+++ Records
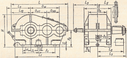 | Типоразмер редуктора | aωб | aωт | A | A1 | B=B1 | B2 | B3 | B4 | L1 | L2 | L3 | L4 | ||||||||||||
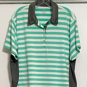 Golf America Women’s XXL Top Green & White Polo Shirt Gray Side Vents Excellent
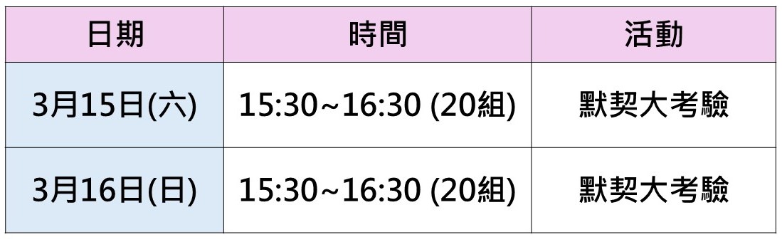 活動時間 :2025年3月15日(六) 15:30~16:30、3月16日(日) 15:30~16:30
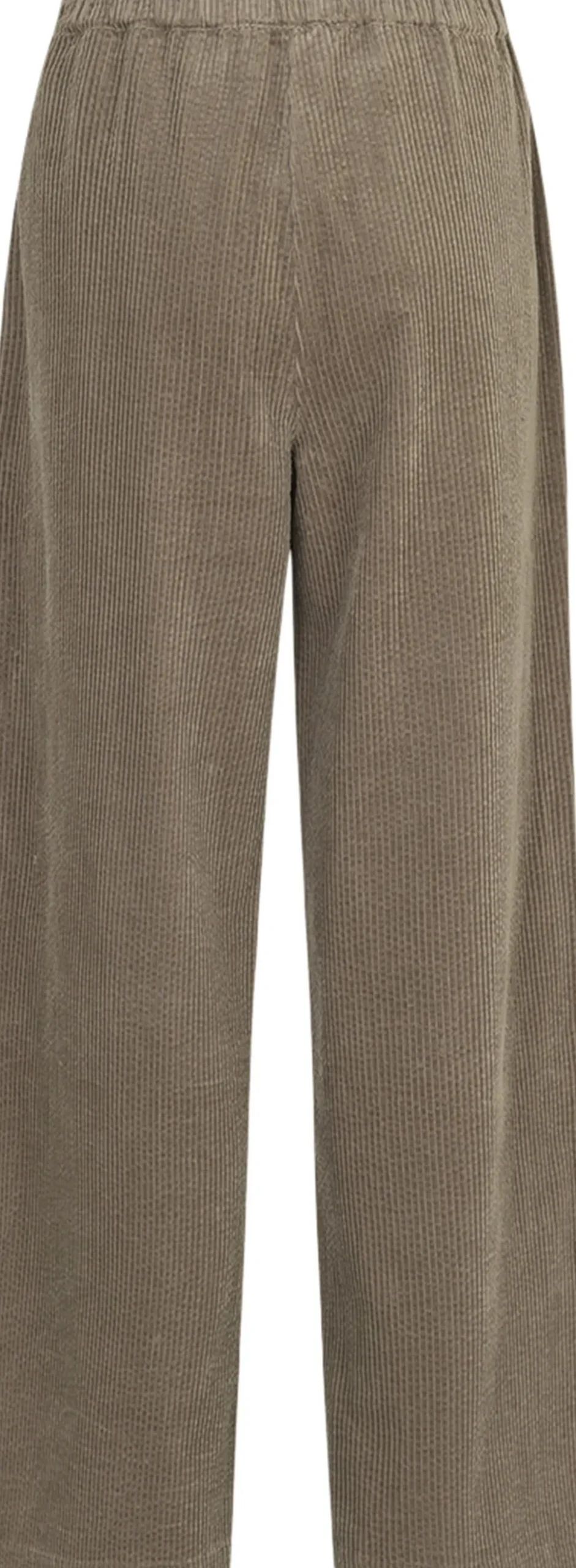 Fløjlbukser med lange, brede ben og høj talje med lynlås og knap og elastik bagpå. FikaMD-bukserne er forede. Modellen er 175 cm høj og bærer en størrelse S/36.
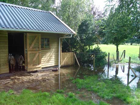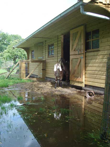 In de middag van 4 juli heeft een enorme wolkbreuk boven Buitenpost voor een gigantische neerslag gezorgd. Dit resulteerde onder andere in een groot waterballet voor de geiten. Ze zien natte voeten echter niet zitten! Hierdoor helaas geen vers gras vandaag.
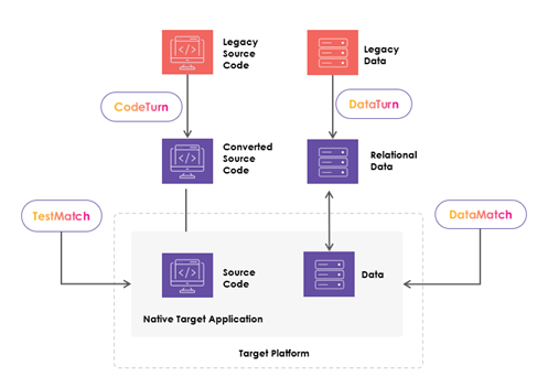 FastTrack builds on CodeTurn tools for source-to-source translation and DataTurn suite for data conversion, both optimized for AWS environments. Two automation testing tools are used to verify and prove the correctness of the performed code transformation and data conversion: TestMatch for online/MQ interface testing and DataMatch for batch application verification, with seamless integration to AWS services.
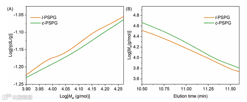 图3:(A) 线性和环状PSPG的特性黏度与绝对分子量的双对数图;(B) 线性和环状PSPG的分子量对数与洗脱时间的关系图。
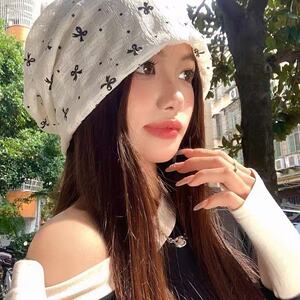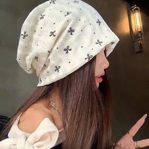 韩版蝴蝶结波点条纹包头帽2025款女秋季薄款透气百搭显脸小宽松堆
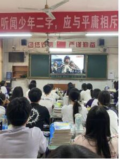 上午9时,活动正式开始。在70分钟的阅兵仪式中,师生们全程肃穆,凝神屏息。当礼炮轰鸣、国旗升起,官兵高呼强军口号时,会场响起热烈掌声;当徒步方队迈着铿锵步伐通过天安门广场,展现“一老一新”武装力量体系时,师生们为军队的威武雄壮而自豪;当装备方队展示500余台国产现役装备,包括高超音速武器、新型隐身战机等“大国重器”时,科技楼阶梯会议室和教室中惊叹连连。联合军乐团演奏的《松花江上》《保卫黄河》等抗战经典乐曲,将师生带回烽火岁月,而新时代强军乐曲则激荡着大家对未来的憧憬。
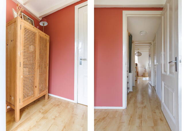 Via een vaste trap bereik je de overloop met ruime bergkast. Aan de achterzijde bevindt zich een ruime, lichte slaapkamer met elektrisch zonnescreen aan de buitenzijde en toegang tot een royale kast + bergruimte waar de CV ketel opstelling bevindt. Ook deze woonlaag is voorzien van een mooie laminaatvloer.
++++++
→ What to do: Among the lines above, the one with "Golf America Women’s" opens the part to repeat and the one with "In de middag" closes it; repeat only that part exactly, with no pictures.

→ Response for this exercise:
 Golf America Women’s XXL Top Green & White Polo Shirt Gray Side Vents Excellent
 活動時間 :2025年3月15日(六) 15:30~16:30、3月16日(日) 15:30~16:30
 Fløjlbukser med lange, brede ben og høj talje med lynlås og knap og elastik bagpå. FikaMD-bukserne er forede. Modellen er 175 cm høj og bærer en størrelse S/36.
 In de middag van 4 juli heeft een enorme wolkbreuk boven Buitenpost voor een gigantische neerslag gezorgd. Dit resulteerde onder andere in een groot waterballet voor de geiten. Ze zien natte voeten echter niet zitten! Hierdoor helaas geen vers gras vandaag.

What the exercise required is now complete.